Computerized electronic spectral properties of some azobarbiturate compounds in presence of different solvents

The solvent effects on the spectra of 5-(p-substituted phenylazo) barbituric acid have been analyzed by the multiple linear regression technique using a Fortran TV program on a PC computer. The correlations based on one parameter equation gave that the solute permanent dipole-solvent induced dipole interaction (parameter M) plays the important role in determining the spectral shifts. The data based on two parameter equation gave that the solvent-solute hydrogen bonding combined with the solvent permanent dipole-solute permanent dipole interactions (E,N) are the important factors to explain the spectral shifts. For the three parameter correlations, the compounds with nitro, sulphonic, acetyl and iodo substituents gave that the combination (E,M,K) gives a good fit to the observed spectral shifts.

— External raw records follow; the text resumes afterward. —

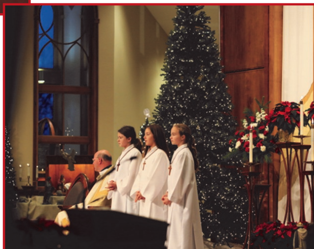
Ready to serve.
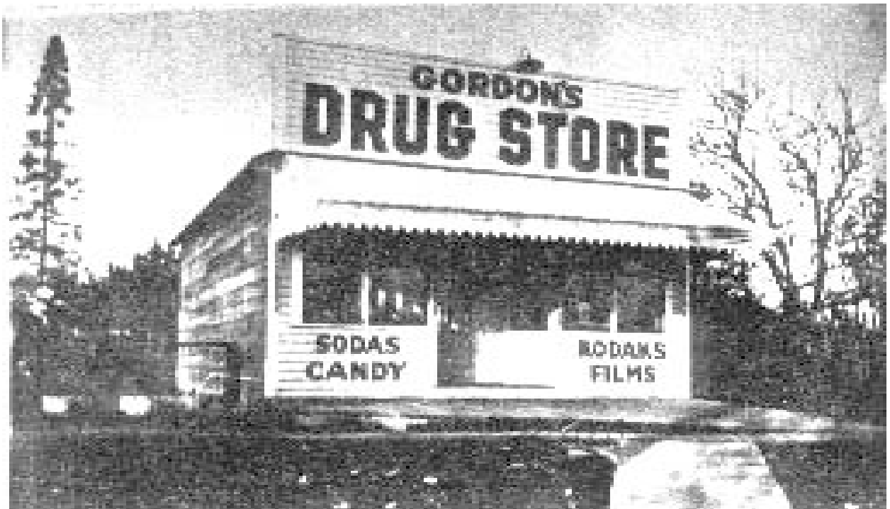
Above: Port Hammond, Maple Crescent, Circa 1924 (Provincial Archives #52494).
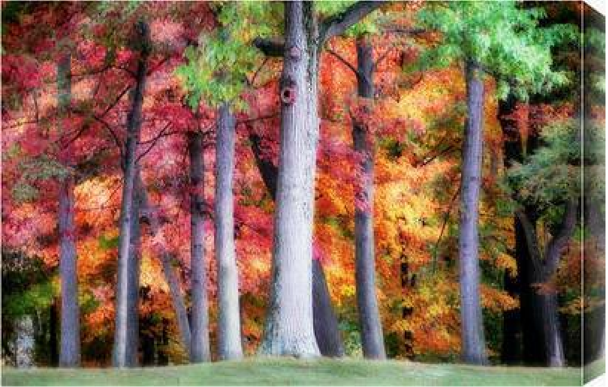
Autumn Colors Canvas
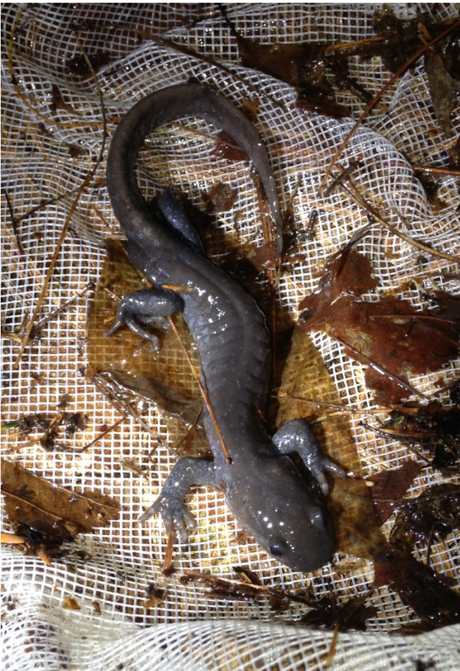
A male Jefferson Salamander captured from the bottom of a vernal pool in Sunderland, Massachusetts during the breeding season.

HABITAT: Adult and juvenile Jefferson Salamanders inhabit relatively mature deciduous and mixed deciduous-coniferous forests and woodlands. Circumneutral to calcareous sites at higher elevations seem to be preferred, with many known populations being associated with rich hillsides and ridges. Jefferson Salamander is somewhat selective with its breeding habitat in Massachusetts, as the species breeds almost exclusively in isolated vernal pools and shrub swamps. Abandoned agricultural ponds and other man-made impoundments are used in some situations, but Jefferson Salamanders tend to avoid other wetland types (e.g., red-maple swamps, floodplain marshes, beaver impoundments) used frequently by other mole salamander species. Vernal pools and shrub swamps nested between upland ridges (“saddle pools”) are used often. The most productive breeding pools appear to be those that are relatively large (0.2–0.5 acres), are deep (3–5 ft), and have patches of multi-stemmed shrubs (e.g., Cephalanthus occidentalis , Cornus spp.) Abundant detritus and absence of predatory fish are additional characteristics of typical breeding habitat. Water clarity seems unimportant, as Jefferson Salamander does not
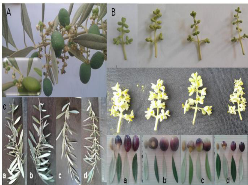
Fig. 3. Flowering, fruiting in four olive cultivars: a- 'Dolci', b- 'Maraki', c- 'Carotina' d- 'Koroneiki'. A) 'Maraki' cultivar's fruit growth variation. B) Inflorescence, fruit, seed C) One year old shoot
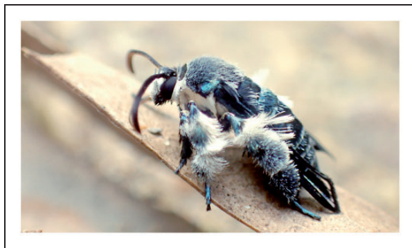
Figure 1. Heterosphecia tawonoides puddling on a dry leaf washed out by the river.

individuals were seen mud-puddling on a sandy/pebble river bank, a behavior recorded only recently for the family Sesiidae (Gorbunov, 2015; Skowron, Munisamy, Hamid, & Wegrzyn, 2015; Skowron Volponi & Volponi, 2017; Szabolcs & Pühringer, 2016).
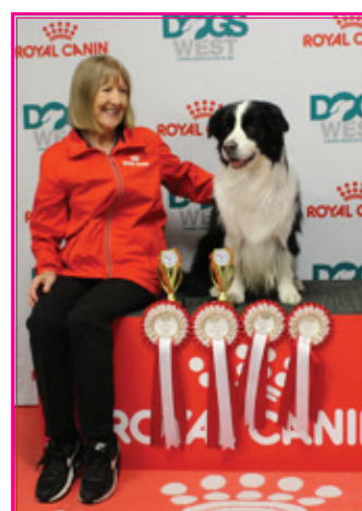
Excellent - Noblestarzz Chase The Ace
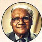
Receipient of 1 st "Vignatham" Award 2016 Bharat Ratna Dr. CNR Rao, FRS
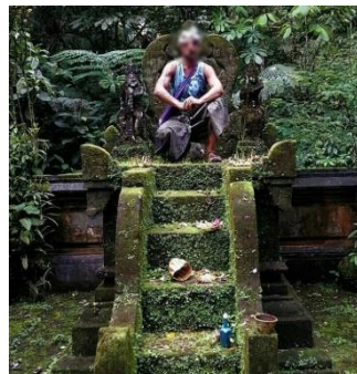
Figure 1 A Danish tourist climbing the shrine on Pura Luhur Batukaru

conation, the violation of social norm and spiritual belief of the islanders.
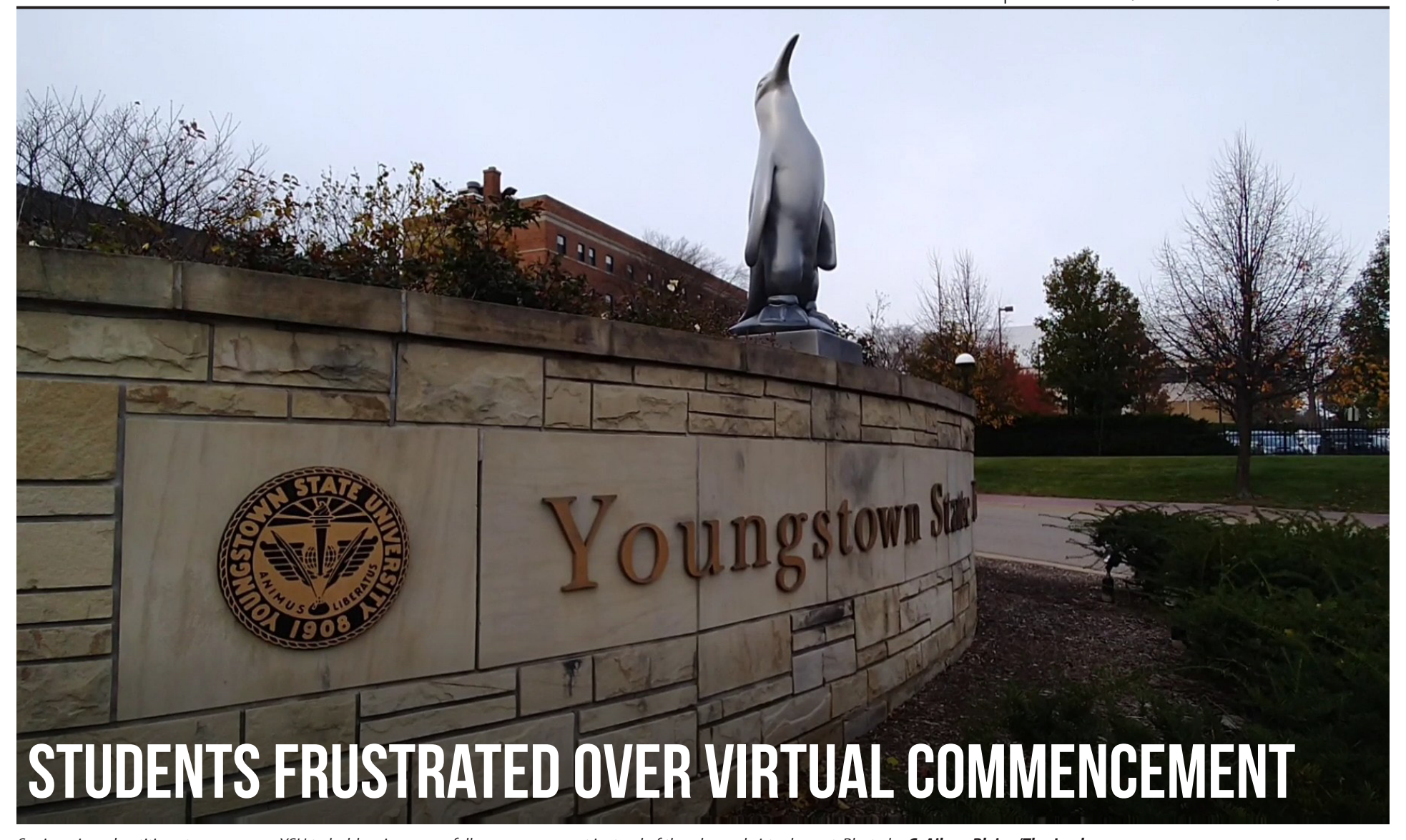
Seniors signed petitions to encourage YSU to hold an in-person fall commencement instead of the planned virtual event.
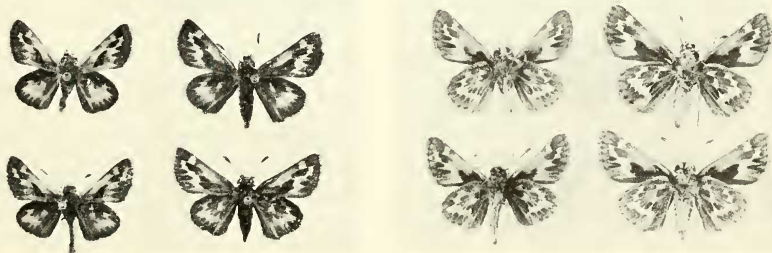
Fig. 3. Dorsal and ventral surfaces of P. s. tecumseh from Donner Pass, California (7,000 feet), July-August.
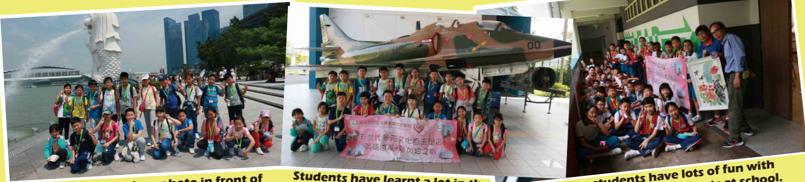
Students take a photo in front of the Merlion Statue at Merlion Park.

Every year, students find the experience to be extremely enjoyable and rewarding as they have the opportunity to travel to different places, improve their English language skills and also to become more independent.
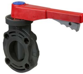
Lever Handle Style
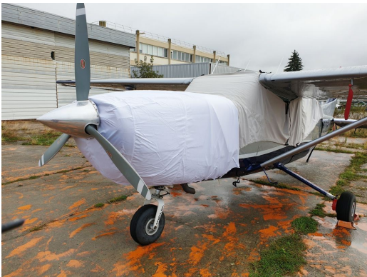
Cessna 207 Engine Cover (test fit)
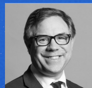
JEREMY QUIN MP Paymaster General and Minister for the Cabinet Office
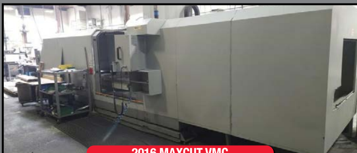
2016 MAXCUT VMC

PLACE: 7505 134A ST., SURREY, BC • PREVIEW: WED., AUG. 6TH, 2025 - 9AM TO 4 PM
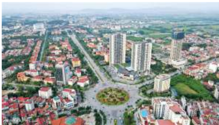
A corner of intersection, Dai Phuc ward, Bac Ninh city, one of the axis connecting traffic and urban development of the province

Besides, the province has promoted structural transformation, developed high-tech industries, supported industries, increased science and technology content and raised the proportion of prices localization value in the product.
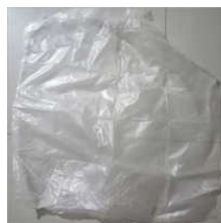
Plain Biodegradable Carry Bags
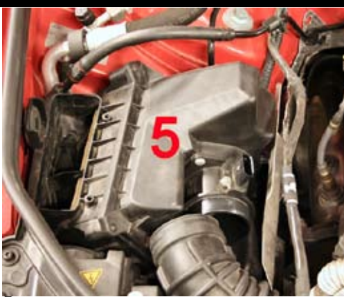
5. Remove the air box from the car (5), then remove the MAS from the air box.

The HMO theory and the PPP method explain the phenomena of tautomerism of barbituric acid. The data predict that the diketo tautomer is the most stable one. Using the calculated PPP binding energy and singlets transition for the dienol tautomer which are nearly the same as those of the diketo tautomer to assign that a mixture of the diketo and dienol tautomers coexist. The agreement between the calculated and the experimental values of transition energies is reasonably good. The phenomena of tautomerism of barbituric acid is studied based on the Complete Neglect of Differential Overlap (CNDO) method. Calculations have shown that the dioxo form is the most stable tautomer. The singlets electronic transitions for 5-(p-substituted phenylazo) barbituric acid have been calculated by the CNDO method. The oscillator strength values of 5-(p-substituted phenylazo) barbituric acid are calculated and found to be affected by other factors e.g., the dielectric constant of the solvent, the electronic property of the substituent and the solvation energy.